April 2026
Built from the intake you shared on WhatsApp. If anything below is off, reply on the thread and we'll fix it before the next phase (site blueprint + brand direction).
The Flour Girl by Anumeha is a baking business led by its founder, Anumeha, whose name sits in the brand itself. The naming pattern signals what most home-bakery brands signal in India: this is a personal practice first, a business second. Customers are not buying from a faceless kitchen, they're buying from Anumeha, and her name is on every box that goes out.
Beyond the name, the public footprint of the business is intentionally light. There is a Facebook page (facebook.com/TheFlourGirlbyAnumeha) but no published Instagram on the open web, no Google Business Profile, no JustDial listing, and no public address. That pattern usually means one of three things: the business runs primarily on word-of-mouth and WhatsApp, the business is early in its life and hasn't pushed for visibility yet, or the business is deliberately keeping order volume manageable. We don't yet know which of these applies. The next conversation with Anumeha will tell us.
This brief is being written before the website is built, so much of what follows is grounded in what the operator told us during intake plus what the brand name itself implies. Where a fact is genuinely unknown, this brief calls it out instead of inventing one. The reference site Anumeha asked us to draw inspiration from is cremecastle.in, a celebration-cakes brand pitched at the warm, design-led, mid-to-premium tier. We're using that pointer for visual rhythm and feel, not as a stand-in for The Flour Girl's actual catalog or positioning.
The intake names the business as a baking practice but does not enumerate the product list, so the catalog below is what we expect a brand named "The Flour Girl" to plausibly offer based on the reference site we were asked to model the feel against. Treat this as a placeholder catalog to be confirmed in the next conversation, not a final product list.
Likely categories (to be confirmed):
What we genuinely don't know yet, and which will shape the catalog:
The product page on the final site will be only as honest as the catalog Anumeha confirms. This is the single most important question to nail before we start building.
Indian home-bakery brands with a founder's first name in the title typically serve three overlapping audiences, and we expect The Flour Girl to be no different.
The first audience is the immediate community: friends, family, neighbours, and the network around Anumeha, who know the brand by reputation and order through WhatsApp. This audience is loyal, repeat, and rarely shops on price. They want quality, reliability, and the comfort of ordering from someone they already trust.
The second audience is the next-ring discovery layer: people who heard about the brand from someone in the first audience, found the Facebook page or the website, and are evaluating whether to place a first order. This audience needs the website to work hard. Clear product photos, clear pricing or pricing direction, clear ordering process, clear delivery zone. If the website doesn't answer these questions, they go to the next bakery on their list.
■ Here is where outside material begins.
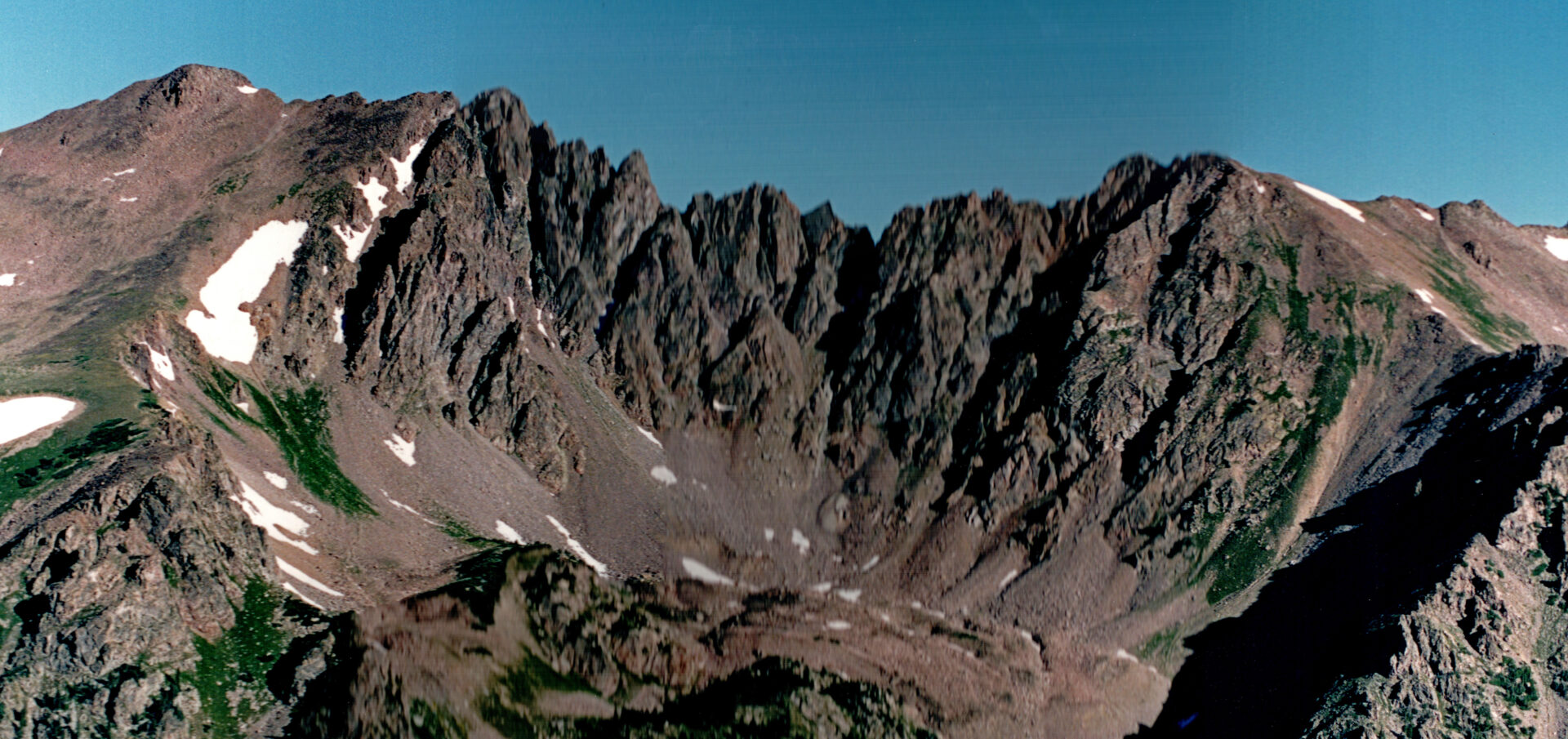 From the top there is a steep knife-edge descent to a notch, and from there the rest of the route is 3rd and 4th class scrambling on good rock. If the snow reaches high into the north side couloirs an ice ax can be helpful at the crossings.

The third audience is corporate or bulk buyers: small offices, event planners, return-gift coordinators, who place larger orders less frequently. This audience cares about lead time, capacity, GST and invoicing, and whether the bakery can handle volume without dropping quality.
We don't yet know which of these three audiences Anumeha wants the website to lean hardest into. The reference site is positioned squarely in the celebration-cakes-for-individuals lane, so if we're modelling the feel against that, we're implicitly leaning toward audiences one and two. This is worth confirming.
Pricing tier is also unconfirmed. Based on the reference site choice, our working assumption is mid-to-premium: a brand that competes on quality and aesthetic, not on price per kilo. If Anumeha's actual positioning is different (mass-market, value-tier, or ultra-premium custom), the brand direction shifts accordingly.
The intake did not confirm a city, a service area, hours of operation, or a phone number. The Facebook page does not expose this information to non-logged-in visitors, and there is no Google Business Profile to read. As a result, the website will have to source these basics from Anumeha directly before the contact section and footer can be written.
The questions that need answers:
The likely answer, given the brand pattern, is hyperlocal to one Indian metro, WhatsApp-first ordering, advance-order required (24 to 72 hours), pickup or hyperlocal delivery only. But this is the working assumption, not a confirmed fact, and the live site cannot publish any of it until Anumeha verifies the specifics.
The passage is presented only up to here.